• [Aim of the task] Leaving out all pictures, return exactly the lines from the one that contains "Kit de fabrication" through the end of the data below.

Extracted data entries
• • •

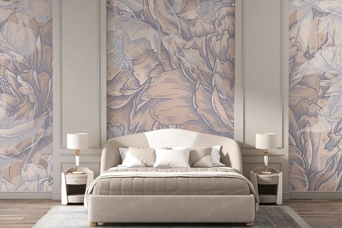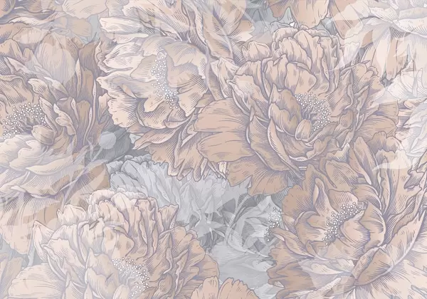 Valokuvatapetti Pionin kukkia, joissa on yksityiskohtaiset terälehdet ja heteet, pehmeät pastellivärit, vintage kasvitieteellinen kuvitustyyli Nr w08890
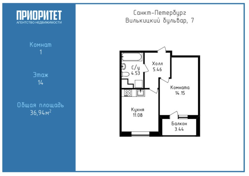 1-комнатная квартира, 36.94 м2, этаж 14 / 19, на продажу в Санкт-Петербурге, Вилькицкий бульвар, 7
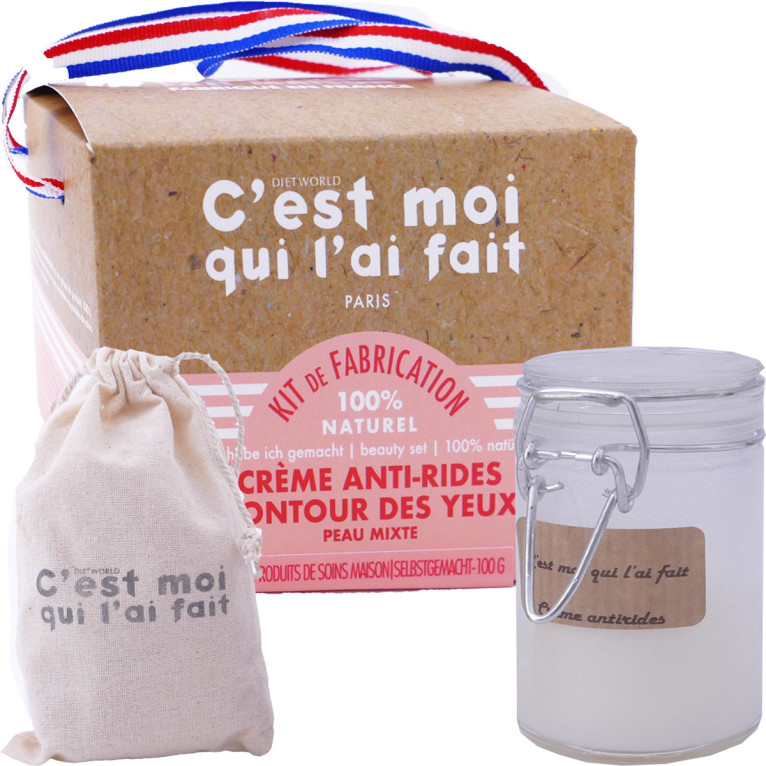 Kit de fabrication Crème Anti-ride « C’est moi qui l’ai fait » de DIET WORLD à prix discount, un anti-âge naturel à faire soi-même dans votre parapharmacie en ligne pour préserver la jeunesse de la peau et la préserver du vieillissement. Pour tous types de peaux. Contour des yeux
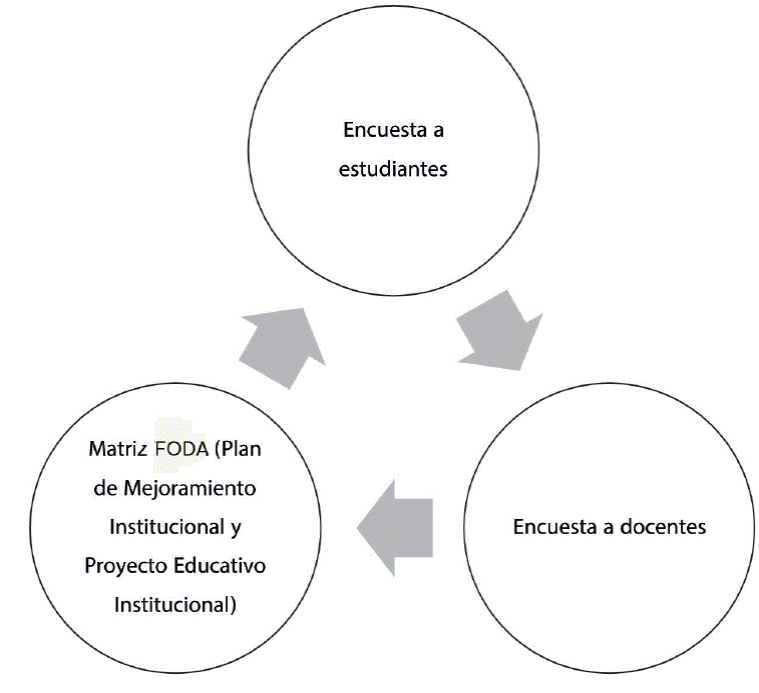 Análisis: aplicación de encuestas a estudiantes del grado tercero y docentes, y elaboración de matriz FODA (fortalezas, oportunidades, debilidades y amenazas) sobre los resultados de las encuestas y revisión documental del PEI y del PMI, identificando las necesidades a tratar mediante el modelo didáctico.
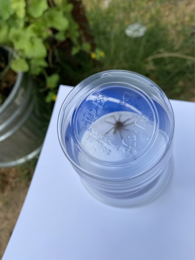 This grass spider was released near the stock tank garden, promoted to captain of the guardian army, and tasked with ejecting (by whatever means necessary) the unfriendlies that would eat the produce.

• • •

• [Expected answer]
 Kit de fabrication Crème Anti-ride « C’est moi qui l’ai fait » de DIET WORLD à prix discount, un anti-âge naturel à faire soi-même dans votre parapharmacie en ligne pour préserver la jeunesse de la peau et la préserver du vieillissement. Pour tous types de peaux. Contour des yeux
 Análisis: aplicación de encuestas a estudiantes del grado tercero y docentes, y elaboración de matriz FODA (fortalezas, oportunidades, debilidades y amenazas) sobre los resultados de las encuestas y revisión documental del PEI y del PMI, identificando las necesidades a tratar mediante el modelo didáctico.
 This grass spider was released near the stock tank garden, promoted to captain of the guardian army, and tasked with ejecting (by whatever means necessary) the unfriendlies that would eat the produce.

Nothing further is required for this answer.